The only important thing to me about my score on the SAT was that I wanted to beat my dad's score. Most of the schools in the Midwest accept ACT scores, and I think at least one of the ones I applied to required them. I didn't have a "competition" with anyone at my school -- we just weren't really like that -- and with the SAT I could compete with my dad. They hadn't done the major recentering of the test yet, but I still wonder about the drift from the time he took it until the time I did. I'm very good at standardized tests. I'm also very good at recognizing how very little they mean, so I can definitely sympathize with [livejournal.com profile] cakmpls's general policy of not sharing. It's a lot harder when you have a very high score, because if you say you had some average score, fewer people would mistake a point of data for a point of pride. (If you say you learned to read in kindergarten or first grade, nobody takes it as anything but a data point, but I had to wonder about commenting that I'd learned to read at 2 in one of yesterday's posts. I don't think it makes me a better or smarter person than someone who learned to read much later, but I've learned to worry about people seeing things that way.)

[livejournal.com profile] writingortyping said that something like 80% of people she knows claim to be the kid who was always picked last in gym, and that certainly not everybody could have been picked last. I opined that it was something like bragging about high school class rank or SAT scores: if you went around saying, "I was always picked first in gym in high school," it's a pretty lame boast. It makes it sound like you still think high school gym is important to your life. As much as high school jocks get petted and praised in our culture, washed-up ex-high school jocks are not similarly respected -- at least, not in any circle I've ever been in or seen. I've heard people say things like, "I was the captain of my high school football team," merely offering a point of information, not bragging, and get responses like, "Goody for you." So if I had been picked first all the time, I'd probably keep my mouth shut about it.
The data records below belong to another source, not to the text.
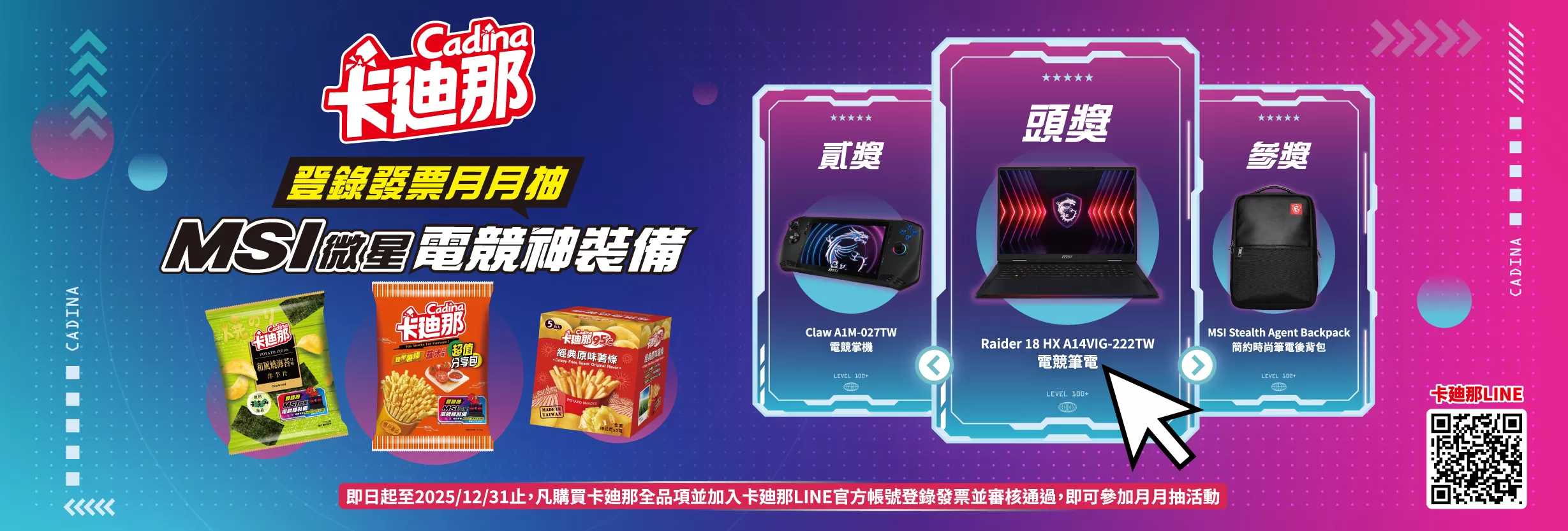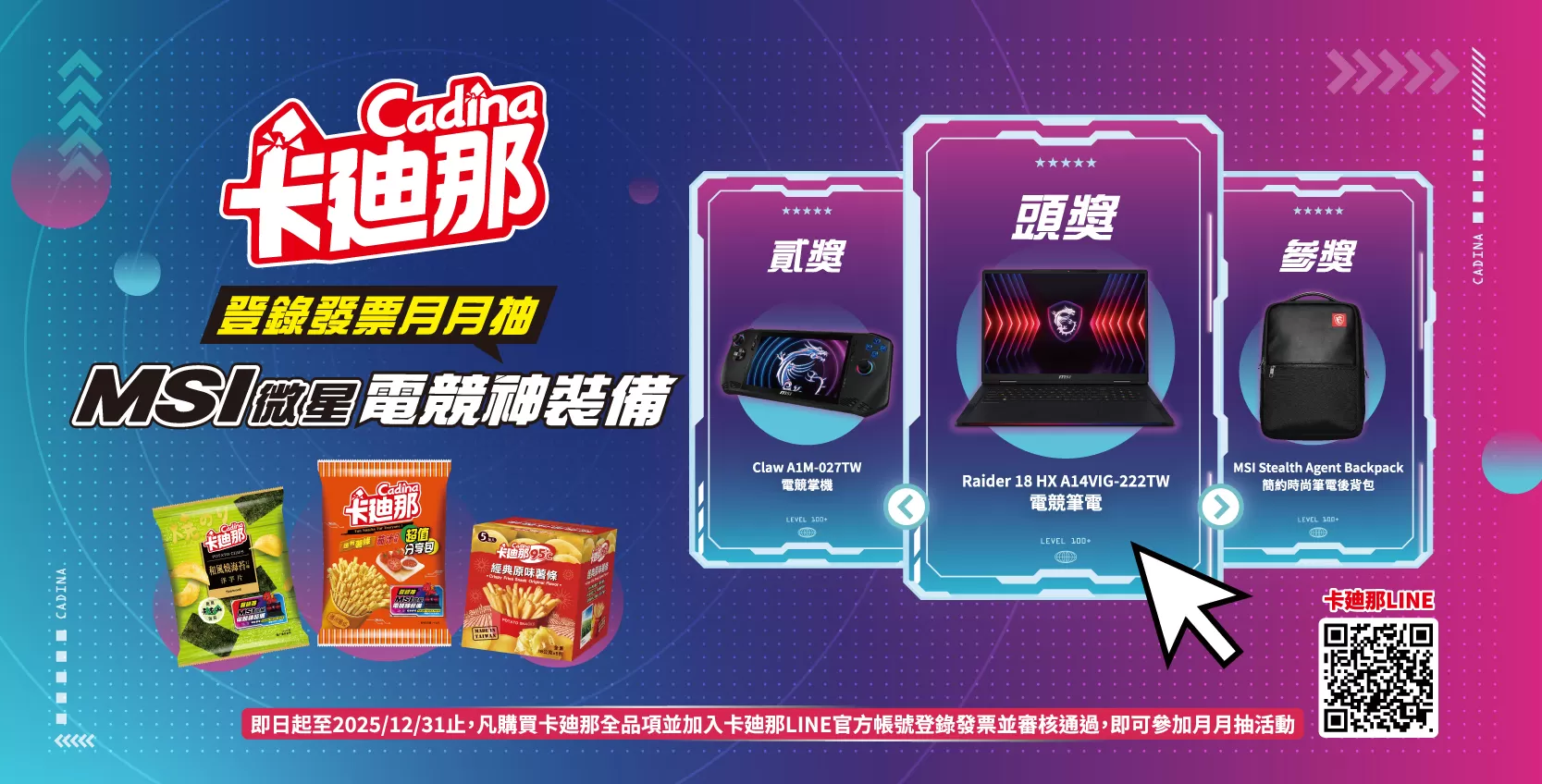 活動期間內,凡購買卡廸那全系列任乙件產品,加入卡廸那LINE官方帳號並登錄購買發票號碼完成,即可參加【卡廸那 月月抽技嘉AORUS電競筆電】活動,就有機會獲得AORUS 16X AI電競筆電(價值NT$68,900元)!活動期間購買卡廸那系列產品之消費金額,經審核符合將可獲得活動點數,以10元為1點換算,達指定點數即可集點兌換卡廸那及AORUS週邊商品!數量有限,換完為止。
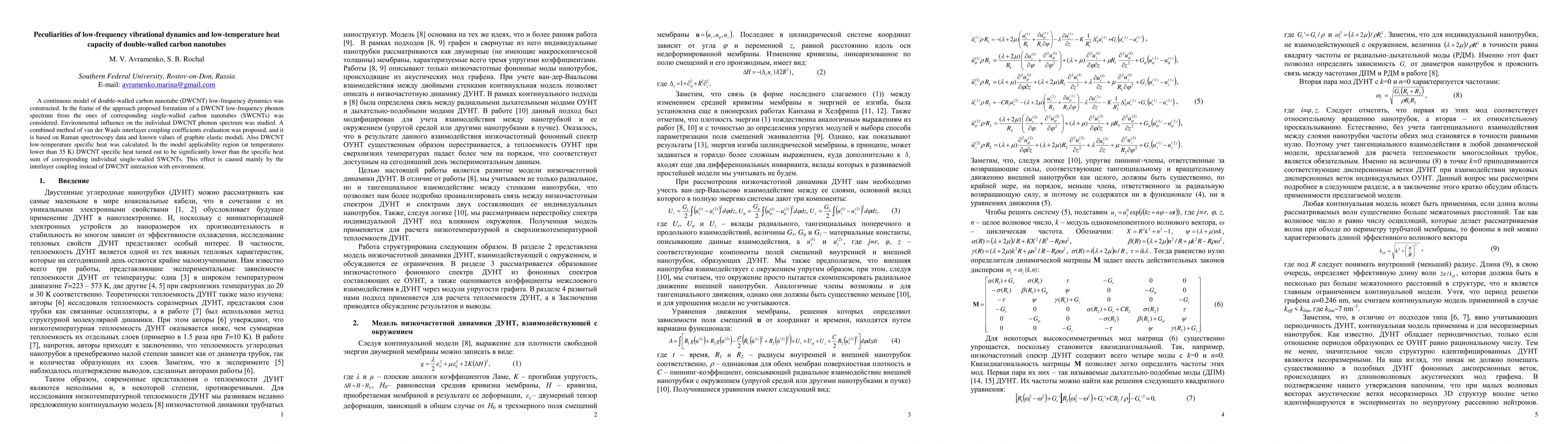 This paper constructs a continuous model for the low-frequency vibrational dynamics of double-walled carbon nanotubes (DWCNT) and explores their low-temperature heat capacity. The study reveals that DWCNT specific heat is significantly lower than the sum of individual single-walled carbon nanotubes (SWCNTs) due to interlayer coupling, rather than environmental influences.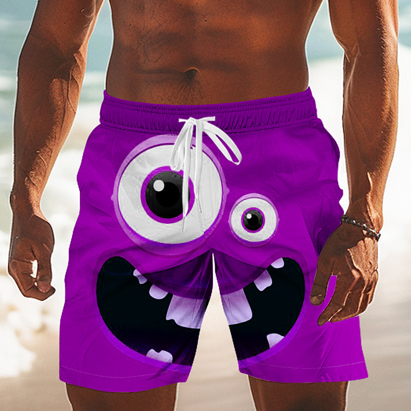 Men's 3D Cartoon Smile Face Big Eyes Swim Trunks Swim Shorts Board Shorts Mid Waist Funny Outdoor Vacation Dailywear Side Pockets Mesh Lining Elastic Drawstring Waist Designer Clothing Apparel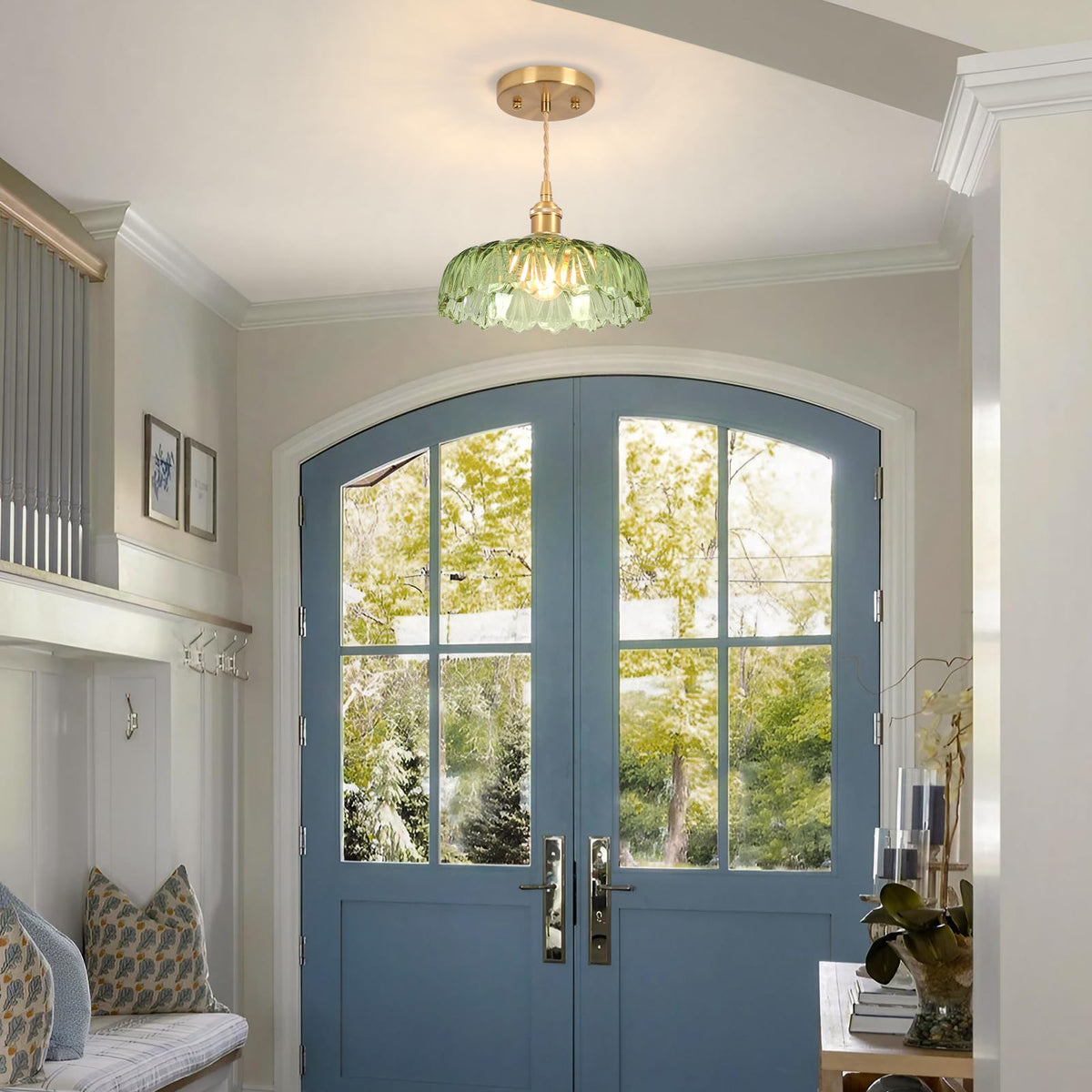 Q: What material is the pendant light made of?A: The pendant light is made of glass and features polished brass fittings that are durable and moisture-proof.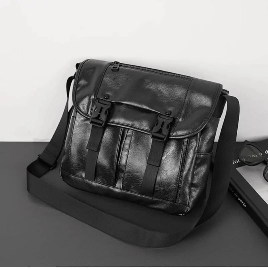 Classic & versatile with this ? black faux leather messenger bag! Matte black finish with front flap, dual buckles, and adjustable strap – roomy & stylish for Lagos everyday carry.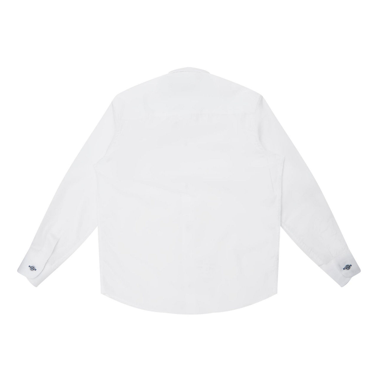 - Point collar, long sleeves, buttoned cuffs, front button fastening, rear yoke, curved hem, interior pattern detailing around the neckline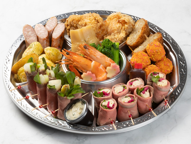 人気商品の焼肉屋のから揚げ(醤油・塩)や黒毛和牛×黒豚の黄金比メンチカツも入った豪華なオードブルをお楽しみいただけます。

(I was not picked dead last, usually. I was never picked first, but I was also not generally enough of a disaster to be the last person picked. Ralston High had much bigger disasters than me. I've never liked team sports, unless you count floor hockey, which rocks because you get to hit people with sticks. I am much better at things I can be bothered to pay attention to, especially with the elbowing-and-checking component, but no one paid enough attention to notice that I was much better at it than I was at other sports, so I didn't get picked any sooner.)

I'm extremely ambivalent about things that are "very good for your age." Age-appropriateness was often used as a bludgeoning weapon when I was a kid: what you are doing right now is very good for your age, so don't you dare try to do more or better. What you're doing now is very good for your age, so I don't have to treat you with any respect, just a patronizing tolerance. One of my friends was once explaining that one of the problems with only children* is that we end up with no sense of age-appropriateness, that we want to be able to do everything just plain well rather than well for one of the kids. I hope she has given up on getting me to see this as a bad thing. When I was saying this to someone close to me recently, he told me, "[livejournal.com profile] mrissas are not age-appropriate," and it is perfectly true. I don't see the point to wanting to be a good writer for a 26-year-old, any more than I want to be a good writer for a girl or anything else obnoxious like that. I just want to be a good writer. I don't see why this should have been less true 10 or 20 years ago. I was still a writer then -- more fundamentally than I was a 6-year-old or a 16-year-old, I think, because I'm still a writer and have stopped being those other things.

On the other hand, Roo's current inability to play toccatas and fugues does not indicate that the kid is not very musical. Sometimes age-appropriateness really is, well, appropriate. Doing well in sports in high school is a good thing for people that age who value athletics. Doing well on the SAT is a good thing for people that age who value vocabulary and other similar test elements. I would never scorn Robin's crookedly drawn letters ("Is -- izzat an I?") because they weren't [livejournal.com profile] mechaieh's calligraphy. It's a balance, I guess. It's about timing and perspective.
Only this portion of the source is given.